Jesse squatted on his heels and studied the corpse. It had been a young white man, maybe thirty-five. His mouth was open. There was sand in it. He wore a maroon velour warm-up suit, which was soaking wet. There were two small holes in the wet fabric. One on the left side of the chest. One on the right. Jesse turned the head slightly. There was sand in his ear. Jesse swept the flashlight slowly around the body. He saw nothing but the normal debris of a normal beach: a tangle of seaweed scraps, a piece of salt-bleached driftwood, an empty crab shell.

Simpson walked back across the parking lot. Behind him the blue

light on his patrol car revolved silently.

“Perkins is on the way,” he said.

“And Arthur Angstrom. Anthony

called Molly. She’s coming in early. Anthony’ll be down as soon as

she gets there.”

Jesse nodded, still looking at the crime scene.

He said, “What time is it, Suit?”

“Six-fifteen.”

“And it’s dead low tide,” Jesse

said. “So high was around

midnight.”

A siren sounded in the distance.

“You think he was washed up here?” Simpson said.

“Body that’s been in the ocean and washed up on shore doesn’t

look like this,” Jesse said.

“More beat up,” Simpson said.

Jesse nodded.

“He’s got some marks on his

face,” Simpson said.

“That would probably be the gulls,” Jesse said.

“I coulda lived without knowing that,”

Simpson

said.

Jesse moved the right arm of the corpse. “Still in rigor,” he

said.

“Which means?”

“Rigor usually passes in twenty-four hours,” Jesse

said.

“So he was killed since yesterday morning.”

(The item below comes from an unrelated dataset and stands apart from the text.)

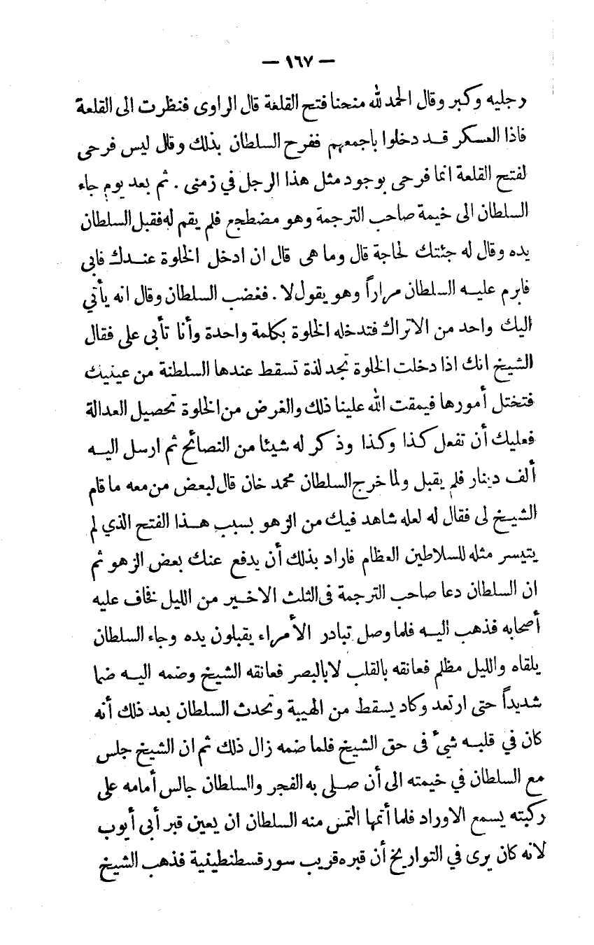 ثمَّ بعد يَوْم جَاءَ السُّلْطَان إِلَى خيمة صَاحب التَّرْجَمَة وَهُوَ مُضْطَجع فَلم يقم لَهُ فَقبل السُّلْطَان يَده وَقَالَ لَهُ جئْتُك لحَاجَة قَالَ وَمَا هي قَالَ أن أدخل الْخلْوَة عنْدك فَأبى فأبرم عَلَيْهِ السُّلْطَان مرَارًا وَهُوَ يَقُول لَا فَغَضب السُّلْطَان وَقَالَ إنه يَأْتِي إليك وَاحِد من الأتراك فتدخله الْخلْوَة بِكَلِمَة وَاحِدَة وَأَنا تأبى علي فَقَالَ الشَّيْخ إِنَّك إِذا دخلت الْخلْوَة تَجِد لَذَّة تسْقط عِنْدهَا السلطنة من عَيْنَيْك فتختل أمورها فيمقت الله علينا ذَلِك وَالْغَرَض من الْخلْوَة تَحْصِيل الْعَدَالَة فَعَلَيْك أَن تفعل كَذَا وَكَذَا وَذكر لَهُ شَيْئا من النصائح ثمَّ أرسل إِلَيْهِ ألف دِينَار فَلم يقبل وَلما خرج السُّلْطَان مُحَمَّد خَان قَالَ لبَعض من مَعَه مَا قَامَ الشَّيْخ لي فَقَالَ لَهُ لَعَلَّه شَاهد فِيك من الزهو بِسَبَب هَذَا الْفَتْح الَّذِي لم يَتَيَسَّر مثله للسلاطين الْعِظَام فَأَرَادَ بذلك أَن يدْفع عَنْك بعض الزهو ثمَّ إن السُّلْطَان دَعَا صَاحب التَّرْجَمَة فِي الثُّلُث الْأَخير من اللَّيْل فخاف عَلَيْهِ أَصْحَابه فَذهب إِلَيْهِ فَلَمَّا وصل تبادر الْأُمَرَاء يقبلُونَ يَده وَجَاء السُّلْطَان يلقاه وَاللَّيْل مظلم فعانقه بِالْقَلْبِ لَا بالبصر فعانقه الشَّيْخ وضمه إِلَيْهِ ضما شَدِيدا حَتَّى ارتعد وَكَاد يسْقط من الهيبة وتحدث السُّلْطَان بعد ذَلِك أَنه كَانَ فِي قلبه شئ فِي حق الشَّيْخ فَلَمَّا ضمه زَالَ ذَلِك ثمَّ إن الشَّيْخ جلس مَعَ السُّلْطَان فِي خيمته إِلَى أَن صلى بِهِ الْفجْر وَالسُّلْطَان جَالس أَمَامه على ركبته يسمع الأوراد فَلَمَّا أتمهَا التمس مِنْهُ السُّلْطَان أن يعين قبر أَبى أَيُّوب لِأَنَّهُ كَانَ يرى فِي التواريخ أَن قَبره قريب سور قسطنطينية فَذهب الشَّيْخ

“More or less. Cold water might change the timing a little.”

A Paradise patrol car pulled in beside Simpson’s, adding its

blue light to his. Peter Perkins got out and walked toward them. He was carrying a black leather satchel.

“Anthony says you got a murder?” Perkins said.

“You’re the crime-scene guy,”

Jesse said. “But there’s two

bullet holes in his chest.”

“That would be a clue,” Perkins said.

He put the satchel on the sand and squatted beside Jesse to look

at the corpse.

“I figure he was probably shot here, sometime before midnight,”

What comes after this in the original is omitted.